--- Assignment ---
Since the pictures are not wanted, reproduce only the rest of the records, exactly as given.

[Stored items]
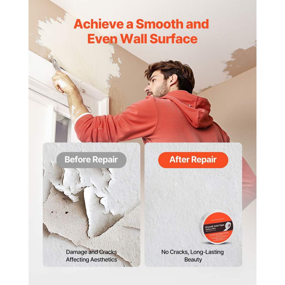 เทปติดผนังไฟเบอร์กลาสแบบมีกาวในตัว ขนาด 1.97 นิ้ว กว้าง x 147.64 ฟุต ยาว 36 ม้วน ใช้งานง่ายสำหรับซ่อมแซมผนัง
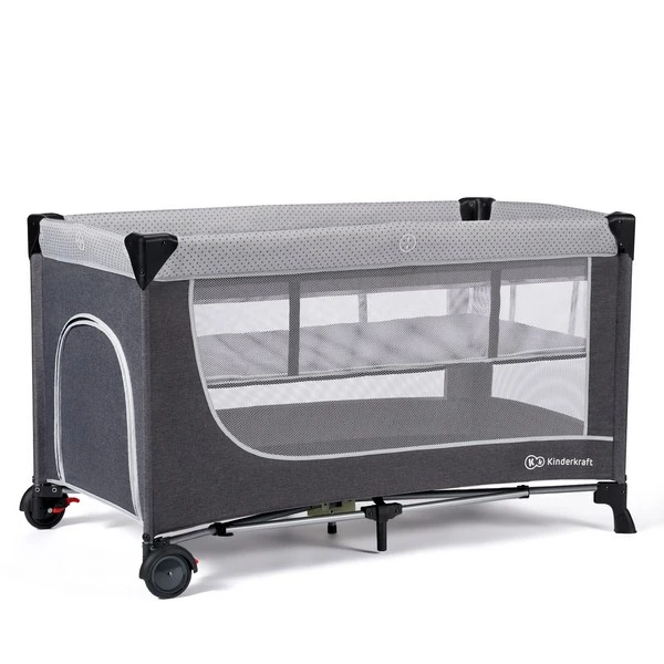 The mattress position can be adjusted on two levels, one in height for infants and a second for older children. A zipped entrance allows the latter to settle in independently once the brakes are activated on both wheels .
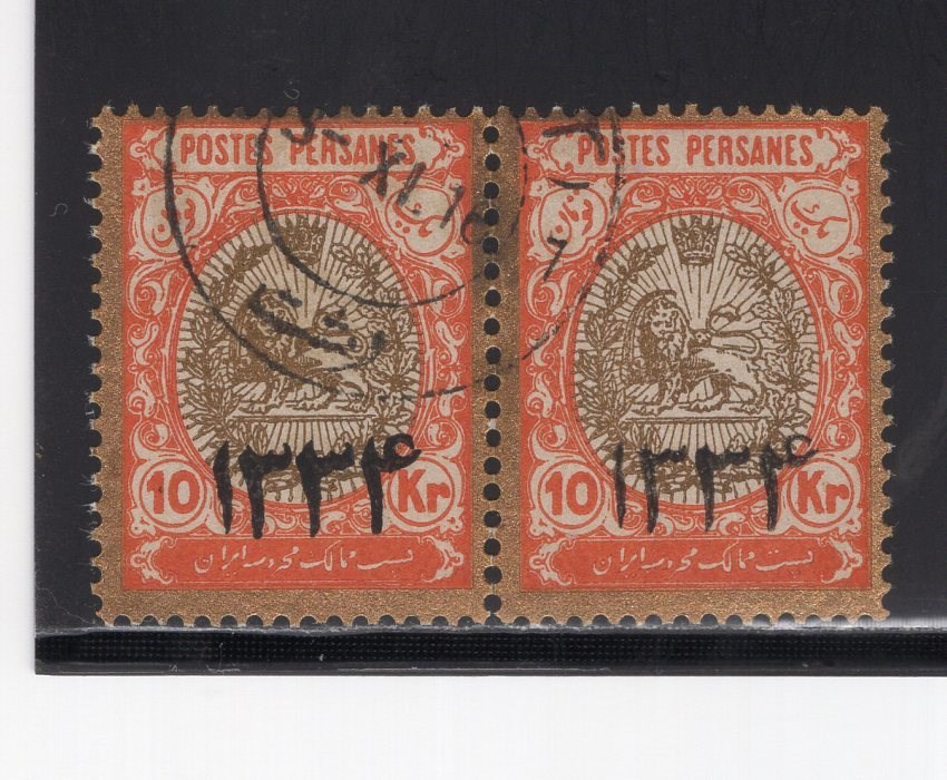 Pair 10kr coat of arms overprinted 1334 Scott # 583 postally used Scott value for two single $70.00, Signed by Mr. Mehrdad Sadri.
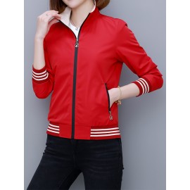 女性用レッドストライプボンバージャケット、ポリエステル素材、カジュアル
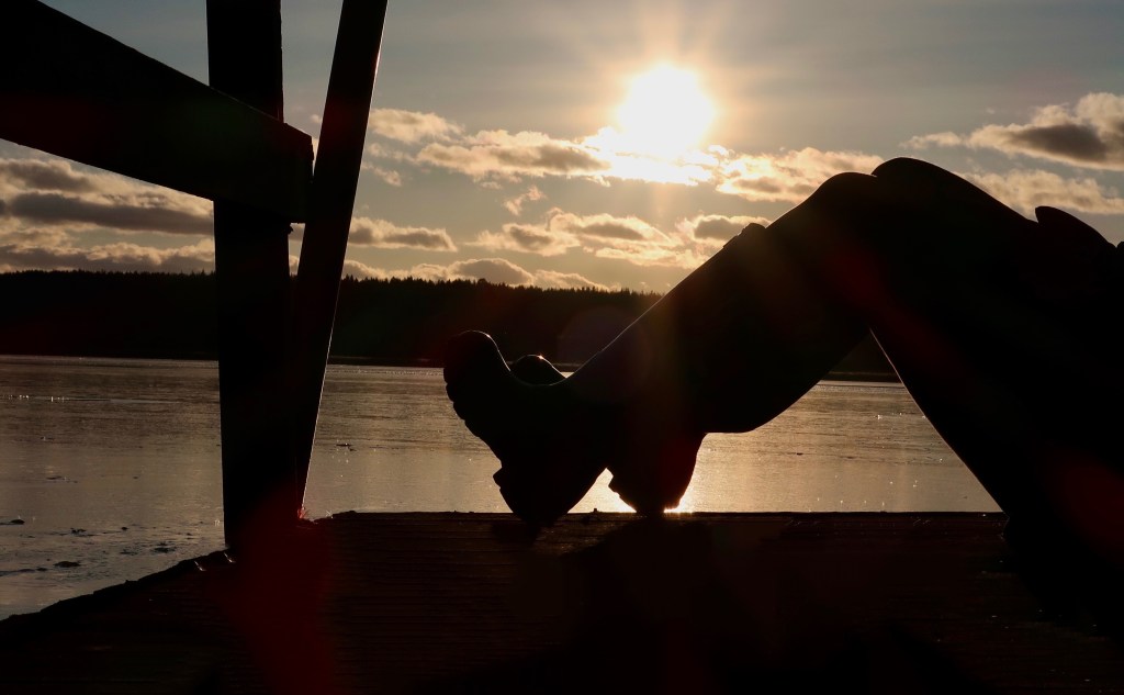 Jag har fått möta solen på andra ställen. Bland annat på den här bryggan – bortglömd mitt ute i skogen.

--- Expected answer ---
 เทปติดผนังไฟเบอร์กลาสแบบมีกาวในตัว ขนาด 1.97 นิ้ว กว้าง x 147.64 ฟุต ยาว 36 ม้วน ใช้งานง่ายสำหรับซ่อมแซมผนัง
 The mattress position can be adjusted on two levels, one in height for infants and a second for older children. A zipped entrance allows the latter to settle in independently once the brakes are activated on both wheels .
 Pair 10kr coat of arms overprinted 1334 Scott # 583 postally used Scott value for two single $70.00, Signed by Mr. Mehrdad Sadri.
 女性用レッドストライプボンバージャケット、ポリエステル素材、カジュアル
 Jag har fått möta solen på andra ställen. Bland annat på den här bryggan – bortglömd mitt ute i skogen.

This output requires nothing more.